Source material
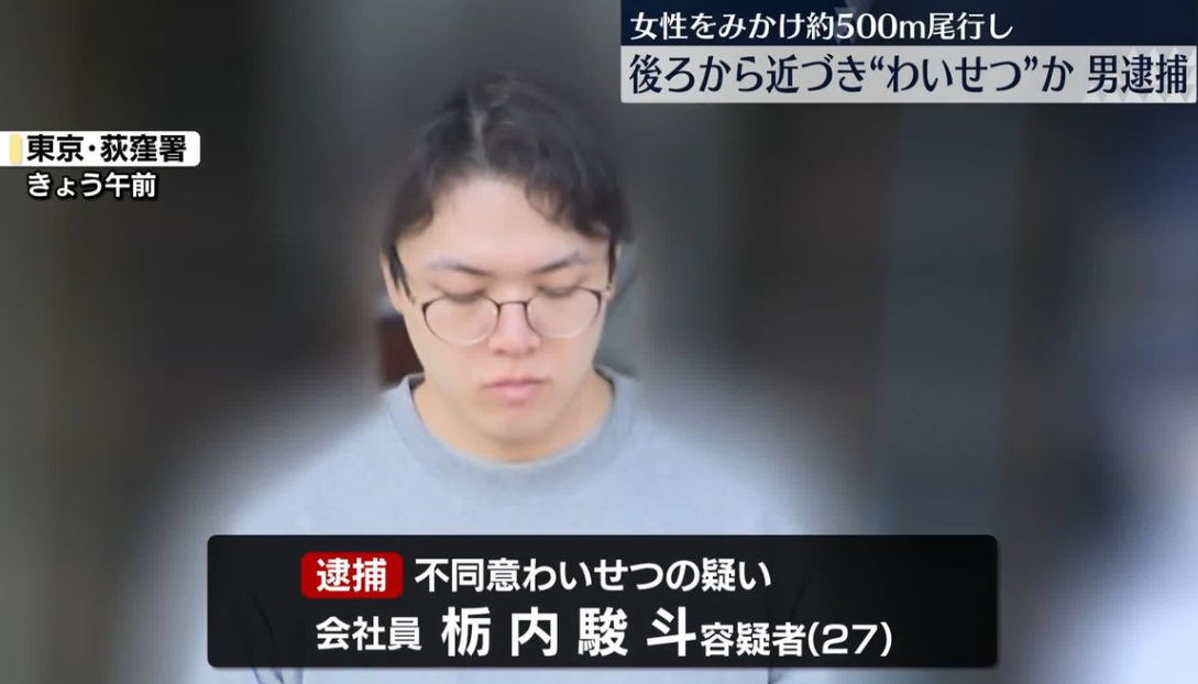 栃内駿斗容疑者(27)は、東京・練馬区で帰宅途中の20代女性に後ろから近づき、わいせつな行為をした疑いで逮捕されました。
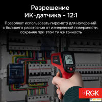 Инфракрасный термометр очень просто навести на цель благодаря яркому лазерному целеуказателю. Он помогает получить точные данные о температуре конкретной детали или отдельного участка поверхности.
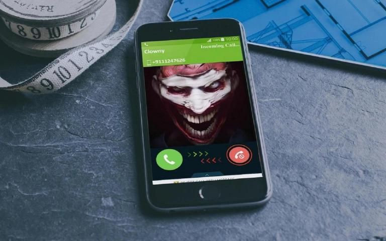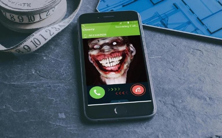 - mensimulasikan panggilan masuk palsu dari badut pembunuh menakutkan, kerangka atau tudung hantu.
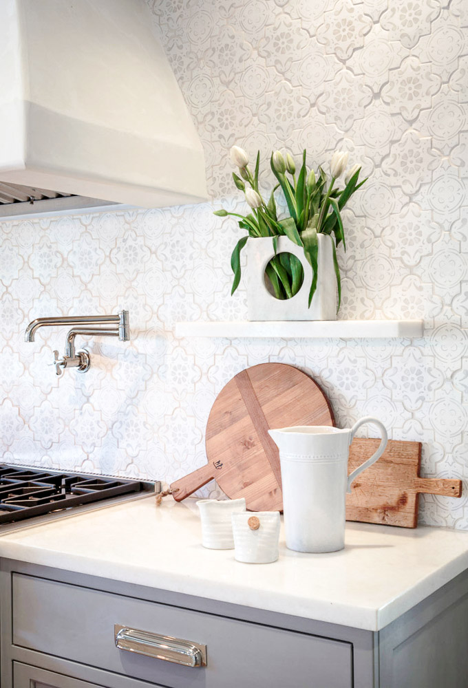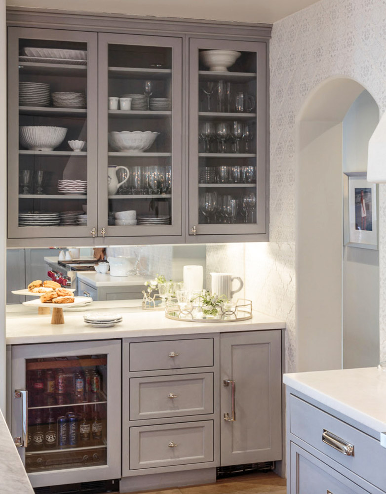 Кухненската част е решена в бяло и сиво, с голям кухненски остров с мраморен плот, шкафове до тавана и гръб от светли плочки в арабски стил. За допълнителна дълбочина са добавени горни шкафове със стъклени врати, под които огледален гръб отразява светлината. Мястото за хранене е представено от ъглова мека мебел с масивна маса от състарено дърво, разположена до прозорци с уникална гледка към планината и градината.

Your objective
Exactly the lines from the line with "- mensimulasikan panggilan" through the last line of the listing, both included, should be extracted, and the pictures left behind.

Solution to this problem
 - mensimulasikan panggilan masuk palsu dari badut pembunuh menakutkan, kerangka atau tudung hantu.
 Кухненската част е решена в бяло и сиво, с голям кухненски остров с мраморен плот, шкафове до тавана и гръб от светли плочки в арабски стил. За допълнителна дълбочина са добавени горни шкафове със стъклени врати, под които огледален гръб отразява светлината. Мястото за хранене е представено от ъглова мека мебел с масивна маса от състарено дърво, разположена до прозорци с уникална гледка към планината и градината.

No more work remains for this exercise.